Multiple sclerosis: reduce symptoms by 20% with a diet

The results of a recent study of nearly 7,000 patients with multiple sclerosis (MS) show that a healthy diet and a healthy lifestyle can reduce disease-related disability and the occurrence of symptoms.

Fruits, vegetables, and whole grains for multiple sclerosis

The NARCOMS study conducted in the United States since 2015 (North American Research Committee on MS) has made it possible, through a questionnaire, to list and estimate the intake of fruits, vegetables, legumes, whole grains, added sugars, red meat and processed meat to some 7,000 people with MS. And establish a diet quality score. The higher the score, the better the diet, i.e. healthier.

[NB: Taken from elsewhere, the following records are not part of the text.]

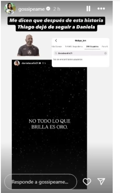 Evidentemente en la interna del vínculo acontecieron cuestiones, detalles desconocidos, que impulsaron a Thiago a ejecutar un movimiento fuerte, irreversible, que lo detectaron en el universo de las plataformas digitales. El que se podrían comprender como una sintomatología absoluta de un descontento.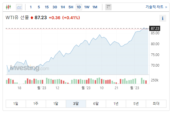 요즘 유가가 정말 많이 올랐습니다.
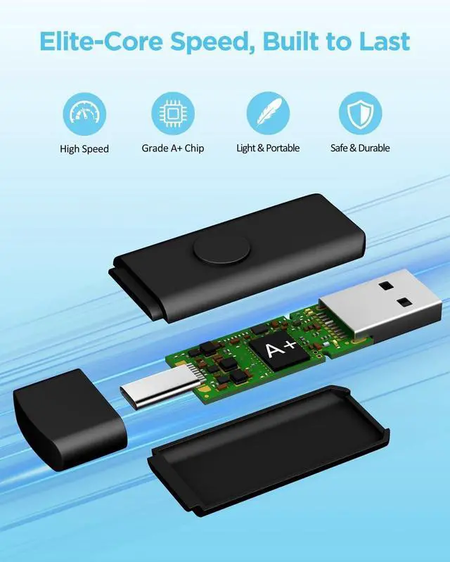 No drivers required: The flash drive just plugs in and starts storing. Works instantly with USB-A and USB-C devices; transfer speeds may vary depending on the device, but you'll always get the fastest speed it's capable of ^^
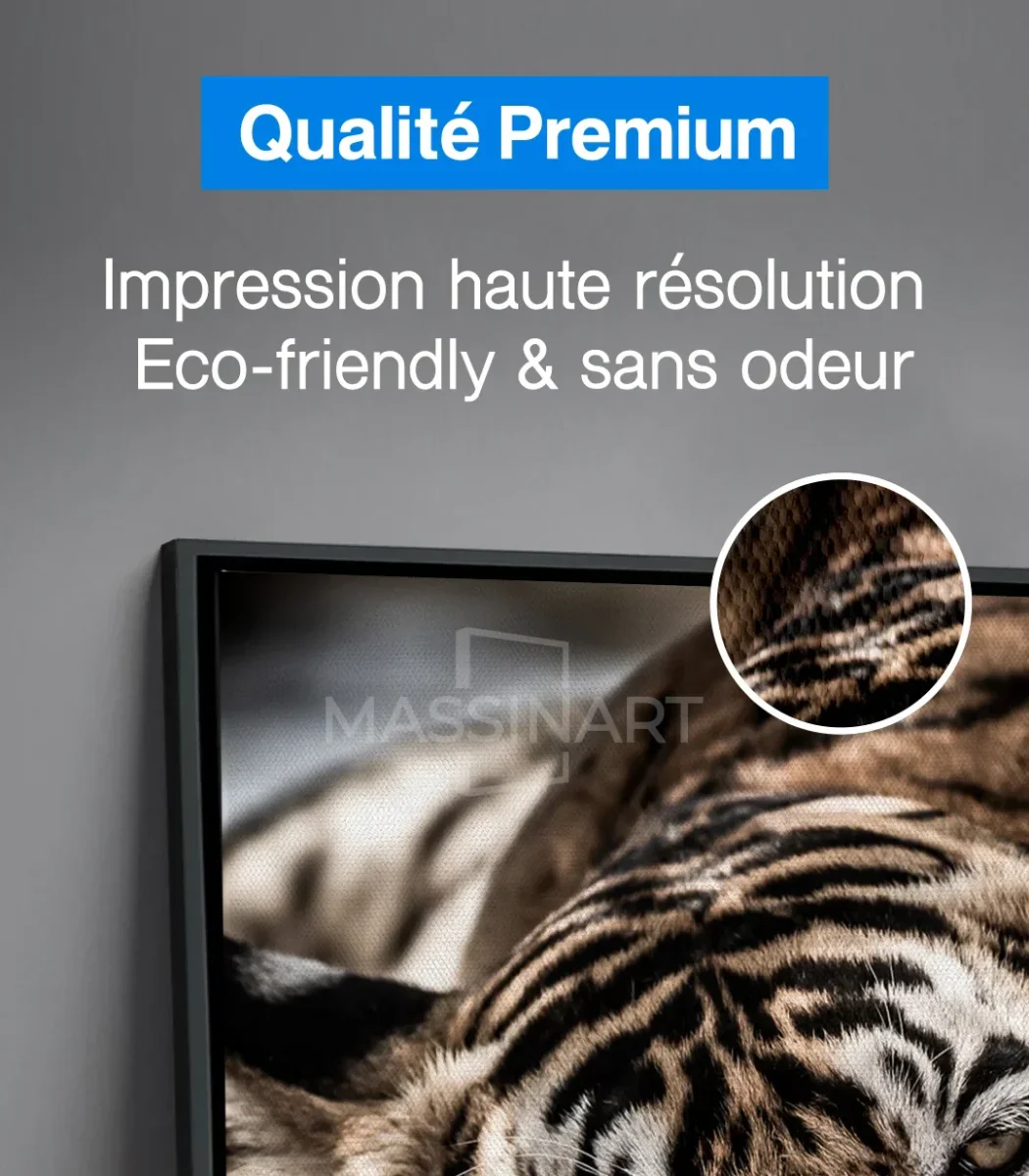 Découvrez nos tableaux exclusifs sur massinart.ma, alliant artisanat et modernité pour sublimer vos espaces. Chaque tableau est conçu à partir d’un châssis de 3 cm et d’une toile canvas artistique en coton (80 %), fabriquée en Allemagne. L’impression est réalisée en haute résolution avec des encres écologiques et sans odeur, garantissant une qualité exceptionnelle.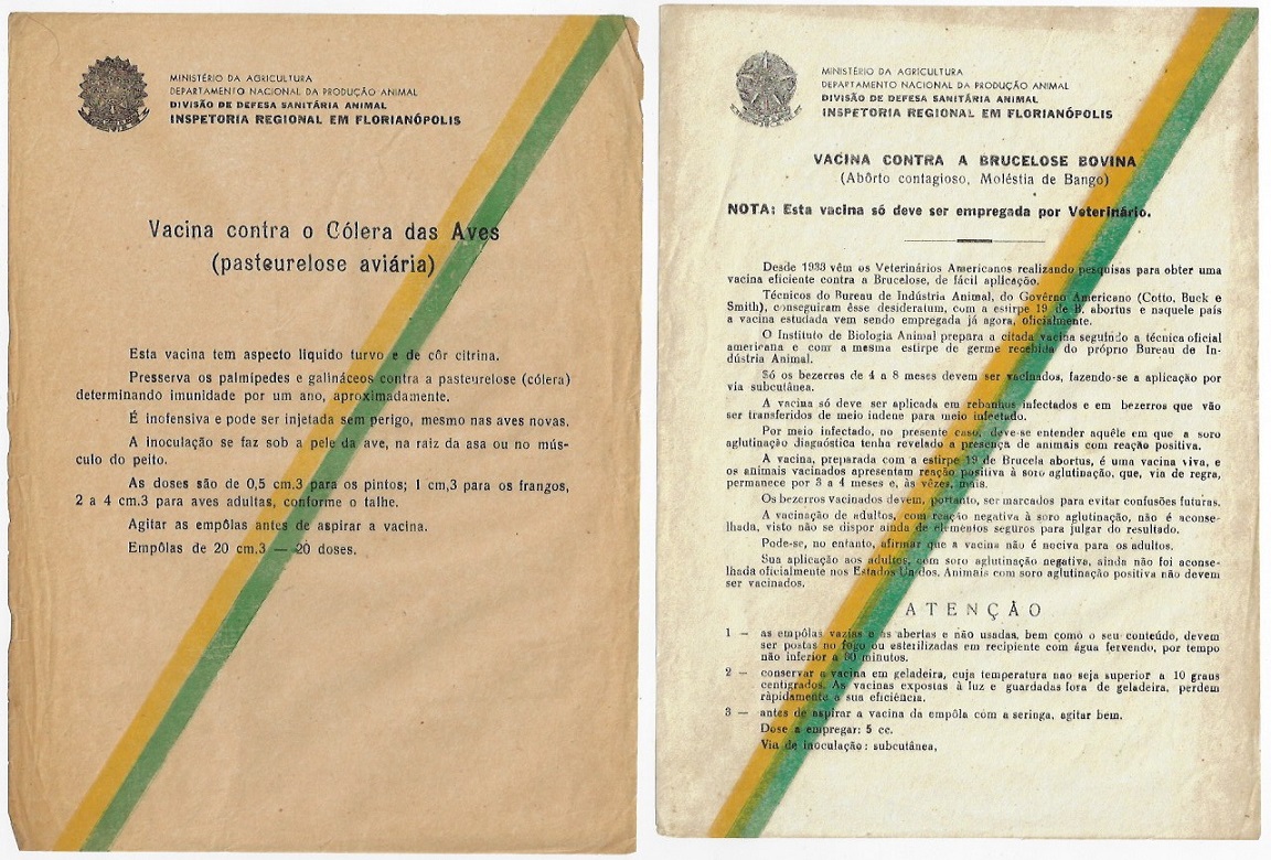 | 78233 | Brasil, 19??, 8 folhetos técnicos diferentes do Departamento Nacional de Produção Animal, Inspetoria de Florianópolis, com informações sobre várias vacinas | 16,00 | Foto |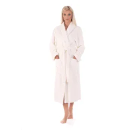 Měkký, savý materiál příjemně hřeje a zároveň dýchá. Šálový límec přidává dotek elegance, která nepůsobí okázale, ale přirozeně. Střih je pohodlný, volný, abyste se v něm cítila komfortně nejen doma ale i u bazénu, ve wellness nebo v odpočívárně vaší oblíbené sauny.

Based on this extensive questionnaire, the researcher, Katryn C. Fitzgerald (School of Medicine, Baltimore) sought to find out if a diet can have an impact on the symptoms of MS, by cross-referencing the data. To do this, she asked patients about the evolution of their symptoms (more or less symptoms) and the frequency of flare episodes (relapses) over the past 6 months, while taking into account their lifestyle, weight, level of physical activity and their smoking habits.

20% reduction in severe disability

Patients with higher quality diet scores show lower level of physical disability and lower depression scores. And patients enjoying a healthy lifestyle have a lower risk of fatigue and cognitive impairment.

In conclusion, this large-scale study suggests that a healthy diet and lifestyle appear to be associated with better control of MS symptoms and disability.


Fitzgerald KCet al.Diet quality is associated with disability and symptom severity in multiple sclerosis. Neurology, First. 2017.